Equal-timestamp rows (which do happen — text-stream events written tightly from the same agent) are disambiguated by id, giving a deterministic resume point.

The handshake

┌────────┐               ┌────────┐                 ┌────────┐
│ Client │               │ Bridge │                 │  Bus   │
└────┬───┘               └───┬────┘                 └────┬───┘
     │                       │                           │
     │ GET /api/conv/{cid}   │                           │
     ├──────────────────────>│                           │
     │                       │  receive_since_cursor('') │
     │                       ├──────────────────────────>│
     │                       │  (rows, cursor₀)          │
     │                       │<──────────────────────────┤
     │ {messages, cursor₀}   │                           │
     │<──────────────────────┤                           │
     │                       │                           │
     │ WS connect            │                           │
     ├──────────────────────>│                           │
     │                       │                           │
     │ {subscribe, cid,      │                           │
     │  since_cursor=c₀}     │                           │
     ├──────────────────────>│                           │
     │                       │  receive_since_cursor(c₀) │
     │                       ├──────────────────────────>│
     │                       │  (gap_rows, cursor₁)      │
     │                       │<──────────────────────────┤
     │ message × gap_rows    │                           │
     │<──────────────────────┤                           │
     │                       │                           │
     │         ... relay polls and dispatches live ...   │
     │ message × live rows   │                           │
     │<──────────────────────┤                           │

Any row M with timestamp ts(M) that is committed to the bus between the HTTP read and the subscribe catch-up read is captured by exactly one of the two reads: it is either ts(M) ≤ ts(c₀) (so the HTTP fetch returned it and the subscribe cursor excludes it) or ts(M) > ts(c₀) (so the HTTP fetch did not return it and the subscribe catch-up does).

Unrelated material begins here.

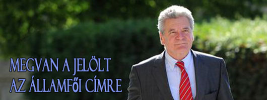 Joachim Gauck evangélikus lelkészt, keletnémet polgárjogi harcost, a volt NDK állambiztonsági iratait kezelő hivatal első vezetőjét jelöli a Német Szövetségi Köztársaság elnöki tisztségére a konzervatív-liberális kormánykoalíció az ellenzéki szociáldemokratákkal és a Zöldekkel közösen - jelentette be vasárnap este Berlinben Angela Merkel kancellár, a kereszténydemokrata CDU elnöke.

The cursor is the watermark that makes these two sets disjoint.

Mutual exclusion

MessageRelay holds a single asyncio.Lock that serializes:

  • subscribe(conn, cid, since_cursor) — catch-up replay + cursor install.
  • unsubscribe(conn, cid) — cursor removal.
  • _dispatch_messages() — live polling of every active subscription.

A subscribe-while-polling race is impossible: the catch-up and the first live poll cannot both read from the same cursor value, because the subscribe advances the cursor before releasing the lock.

Escalation events

awaiting_input transitions are now first-class events:

  • input_requested on False → True.
  • escalation_cleared on True → False. The dashboard reacts to this to clear the attention dot. index.html does not infer escalation state by inspecting chat message broadcasts — in fact index.html does not subscribe to any conversation.

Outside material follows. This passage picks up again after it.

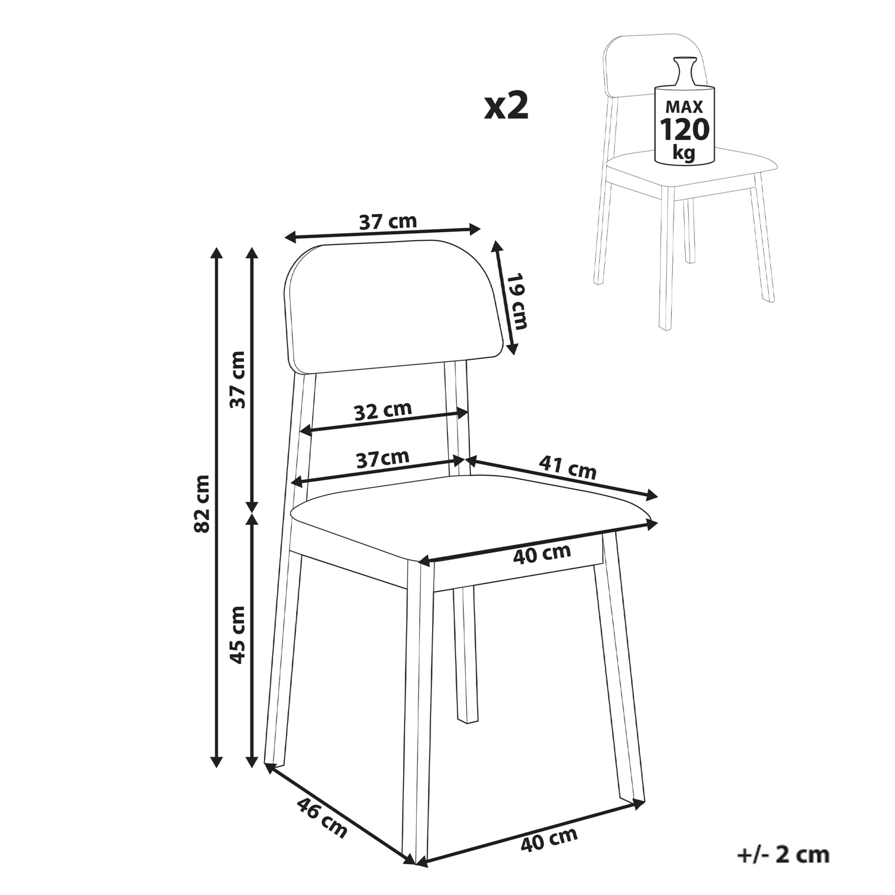 | Maximale draagkracht | 120 kg |

Both events are global: they flow through the bridge's broadcast callback and reach every connected client, independent of subscription state.

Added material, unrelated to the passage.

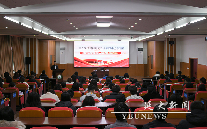 头条新闻 延边州委常委、副州长胡福君来延边大学作深入学习贯彻党的二十届四中全会精神专题讲座 (马克思主义学院供稿)11月8日上午,延边州委常委、副州长胡福君应邀来我校,在求真楼7楼学术报告厅作“深入学习贯彻党的二十届四中全会精神推进实施积极应对人口老龄化国家战略”专题讲座,讲座由副校长陶建钟主持。胡福君结合翔实数据与典型案例,深入剖析我国及国际社会人口老龄化面临的新形势,系统阐释了我国应对人口老龄化的战略举措与实践路径。他讲述,人口老龄化是文明进步的体现,关乎社会的可持续发展,必须持续加...
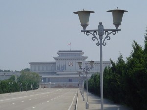 Ruszyliśmy dalej, po drodze zatrzymaliśmy się przy mauzoleum Kim Ir Sena, zupełnie pusta droga, wymarła, stanęliśmy na dwie minuty i kazano nam zrobić zdjęcia, na pytanie dlaczego nie zabierają nas do środka odpowiedzieli że tylko w soboty wpuszczają obcokrajowców, mi się jednak wydaje, iż nie byliśmy godni, cały czas chodziliśmy w klapkach krótkich spodenkach, a z tego co widziałem tam tylko w garniturze wpuszczają, pewnie nie byliśmy pewni i poprawni politycznie.

What the client does not do

  • No id-based dedup of inbound message events.
  • No substring/timestamp-based dedup.
  • No global "last seen" cursor shared across conversations.
  • No inspection of a message event to infer conversation-level state (escalation, completion, etc.) — those are their own event types.

The only exception is the send-side reconciliation of the user's own optimistic entry: when sendMessage posts a new human message, it appends an optimistic DOM entry and binds it to the server's authoritative message id via the POST response. When the corresponding message event arrives on the subscribe stream, the client matches by id and replaces the optimistic entry in place instead of appending a duplicate. This is reconciliation — match-then-replace of a known local placeholder — not a filter against "already seen" state.